A New Consideration For Real Estate Investors

Clocks and calendars seem to be less accurate lately. Is it just me or does the morning alarm go off annoyingly early?!?!

Regardless, this is shaping up to be a superb time to make adjustments to your investing business.

Despite all the challenges in the world right now, we’re incredibly optimistic about the future.

Next Steps for Businesses

Right now, is a great time to devote yourself to a business review. Look at your business finances and make improvements that’ll put you in a better position for the future. Here are a few “what ifs” to mull over, in the coming months.

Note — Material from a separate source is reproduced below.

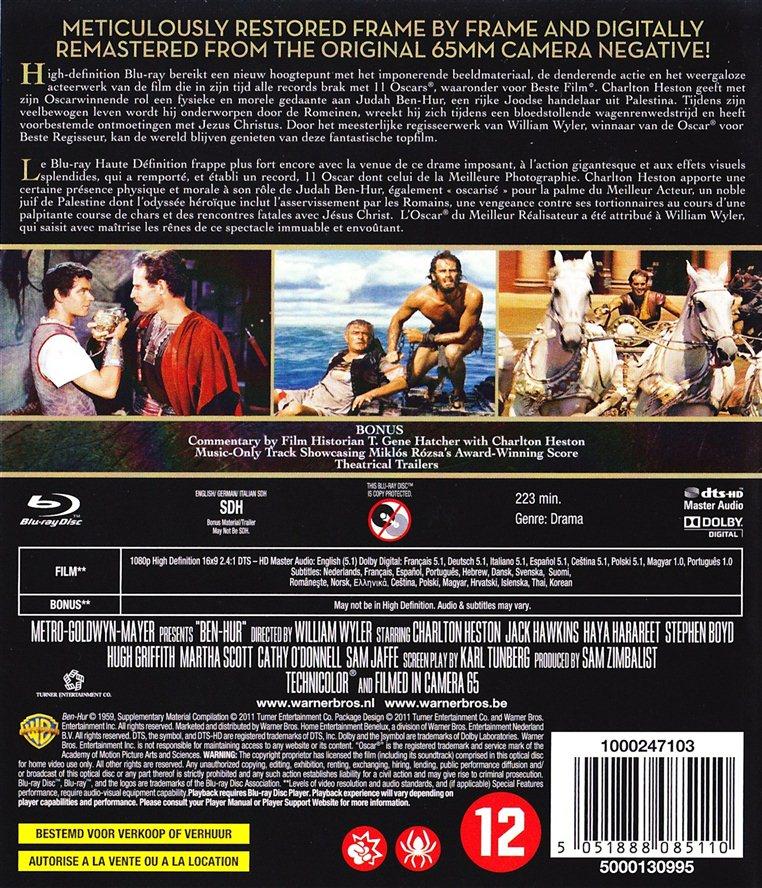 | Plot: | "METICULOUSLY RESTORED FRAME BY FRAME AND DIGITALLY REMASERES FROM THE ORIGINAL 65MM CAMERA NEGATIVE!" High-definition Blu-ray bereikt een nieuw hoogtepunt met het imponerende beeldmateriaal, de denderende actie en het weergaloze acteerwerk van de film die in zijn tijd alle records brak met 11 Oscars®, waaronder voor Beste Film. Charlton Heston geeft met zijn Oscarwinnende rol een fysieke en morele gedaante aan Judah Ben-Hur, een rijke Joodse handelaar uit Palestina. Tijdens zijn veel bewogen leven wordt hij onderworpen door de Romeinen, wreekt hij zich tijdens een bloedstollende wagenrenwedstrijd en heeft voorbestemde ontmoetingen met Jezus Christus. Door het meesterlijke regisseerwerk van William Wyler, winnaar van de Oscar® voor Beste Regisseru, kan de wereld blijven genieten van deze fantastische topfilm. |

1: What if you could reduce some business expenses?
It’s very rare for a business to be operating as lean as it possibly could be. There’s also a point of diminishing returns when it comes to reducing your operating expenses. Your tax pro can help you find a happy medium.

Let’s discuss how to:

- Eliminate software that you’re paying for but don’t actually need.
- Identify things that you’re doing yourself that could be done better and cheaper by hiring another company to do it -- and vice versa.
- Seek out ways to reduce the cost of the administrative work that is required to run your business.
- Look at what could be automated in your business -- without sacrificing quality of work.

Some cost reductions are simpler than others. For example, switching company cell phone plans or finding a cheaper credit card processing service are the low-hanging fruit.

But with some analysis, you might be able to find other ways to save money without introducing any negatives.

2: What if you could streamline some business processes?
We’ve worked with businesses in a lot of different industries over the years. In that time, it’s been interesting to see both the differences and similarities in what makes each type of business “tick.” One of the most fascinating things is that ideas from one industry can often be applied to a totally different industry to make significant improvements in the efficiency of how that business operates. Read and study 'outside' your field.

For example, analyze who does what within your business to ensure you have the right people doing the right tasks. How is information communicated at all levels of your business, finding ways to reduce unnecessary back-and-forth stuff, and eliminating wait times for key decisions. You likely have workflows that can be digitized to make them more efficient, too. These are just basic examples of the type of process improvements to review.

Around here, we like to say that Efficient Business = Profitable Business. Your tax pro knows your business and can help you evaluate some of your business processes to identify areas for improvement helping your business become more profitable. And all without paying the insane management consulting fees that a giant consulting firm would charge you!

3: What if you could increase your prices?
You may have noticed that the prices of everything from food to lumber to used cars has gone up lately. While Jerome Powell of the Federal Reserve recently shared that these price increases are short-term as the economy reopens, I think it’s easy to see that some prices will never come back down.

When was the last time you evaluated your own prices? Your supply costs have likely increased, as have your labor costs. Not to mention the fact that you need to increase your own net profits in order to maintain your own lifestyle as costs go up around you. So, take a serious look at all the inputs into your business and determine whether it’s time to raise your prices and exactly how much.

4: What if you could build up some cash reserves?
A year ago, many small businesses were running really, really tight. In fact, news articles at the time showed that most small businesses had only 29 days of cash on hand. That meant when lockdowns hit, they didn’t have the cash reserves to survive.

If your business has an emergency fund, then you could weather most short-term economic shocks. If you’ve ever seen gigantic corporations report taking multi-billion-dollar losses during a quarter and wondered how on earth they can do that, it’s because they are either:

  1. Have huge cash reserves, or
  2. Have access to huge lines of credit.

As an example, a little computer company you may have heard of called Apple has over $195 billion in cash on hand. That’s…wow… Yeah, that’s a LOT of money. It’s so much money that it’s hard to envision anything being able to destroy Apple as a company, short of an asteroid obliterating the entire planet.

While you may not need to hoard that much cash, wouldn’t it be nice to have a 3–6-month cushion in case something else happens? This week, set up a segregated account at your bank or credit union and "seed it" with 5% of last month's gross.

So, just because your business tax return is filed and done, doesn’t mean there isn’t still work to do. There are plenty of ways to fine tune as you are going forward.